Naiknya tingkat pembelian kembali (repo) pasar tampaknya sepaham dengan Henrich; pelaku pasar memang khawatir bahwa perbendaharaan AS akan terus mengeluarkan lebih banyak utang untuk mendanai defisit yang meluas.

Repo Rate untuk Treasurys dan Bunga The Fed tentang Kelebihan Cadangan

Factset

Suku bunga yang lebih rendah di sebagian besar ekonomi utama di dunia tentu akan membuat tekanan pendapatan pada lembaga keuangan baik dalam portofolio pinjaman dan surat berharga mereka. Selain itu, suku bunga rendah dan kemungkinan penurunan suku bunga di beberapa pasar negara berkembang dan di AS berarti bahwa semakin banyak perusahaan akan meminjam lebih banyak uang. Di A.S. utang perusahaan berada di sekitar 75% dari PDB, dan jumlah kenaikan utang itu dalam bentuk obligasi dengan peringkat investasi di bawah atau pinjaman yang dikungkit oleh perjanjian-lite dan pinjaman terbatas. Mengingat sudah berapa perusahaan yang berhutang, penurunan ekonomi akan meningkatkan kemungkinan perusahaan akan memecat orang untuk memotong biaya dan hutang layanan dan akan meningkatkan kemungkinan default perusahaan. Utang perusahaan dimiliki secara luas di seluruh dunia oleh beragam lembaga keuangan, terutama bank, perusahaan sekuritas, dana pensiun, dan perusahaan asuransi.

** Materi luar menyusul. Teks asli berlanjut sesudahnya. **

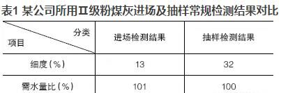 優(yōu)質(zhì)的粉煤灰摻入混凝土可明顯地改善混凝土的和易性,當(dāng)粉煤灰摻量大于膠材總量的5%~10%時(shí),效果極為明顯?,F(xiàn)今在混凝土實(shí)際生產(chǎn)中,粉煤灰摻量往往達(dá)到20%,有的甚至高達(dá)30%,但混凝土的和易性卻不盡人意。抽取原材料進(jìn)行檢測時(shí),發(fā)現(xiàn)粉煤灰的檢測結(jié)果經(jīng)常不滿足標(biāo)準(zhǔn)要求或者與驗(yàn)收時(shí)的結(jié)果相差甚遠(yuǎn)?,F(xiàn)以某公司所用Ⅱ級(jí)粉煤灰進(jìn)場及抽樣常規(guī)檢測結(jié)果進(jìn)行對比,見表1。
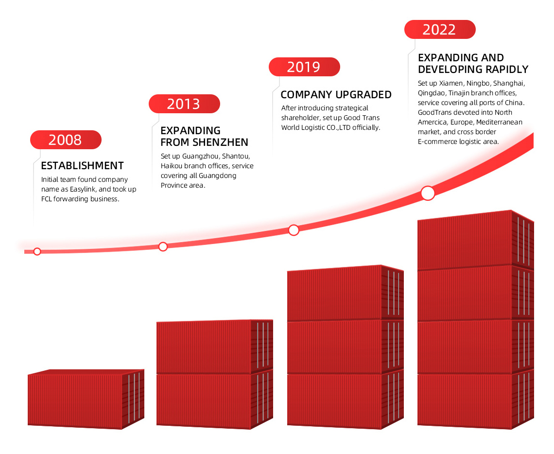Approved by Ministry of Communications,P.R.China as “Class A” global forwarding company, filed in Water Transport Department for NVOCC business, head office of Good Trans was founded in Shenzhen, the logistics hub of South China in 2008 and with home base in China, providing logistics service to int’l trade partners.

Peluang meningkatnya resesi juga berarti bahwa lembaga keuangan harus meningkatkan penyangga modal mereka untuk membantu mereka mempertahankan kerugian yang tidak terduga. Bank, dana pensiun, dan perusahaan asuransi memiliki persyaratan peraturan atau hukum yang akan membuat modal mereka semakin memburuk; non-bank cenderung memiliki persyaratan yang lebih ringan sehingga mereka dapat menghadirkan tantangan yang lebih besar terhadap keselamatan dan kesehatan sistem keuangan. Ini tentu bukan waktu untuk melemahkan segala jenis peraturan dan pengawasan lembaga keuangan, dan non-bank tentu saja membutuhkan perhatian lebih dari legislator dan regulator.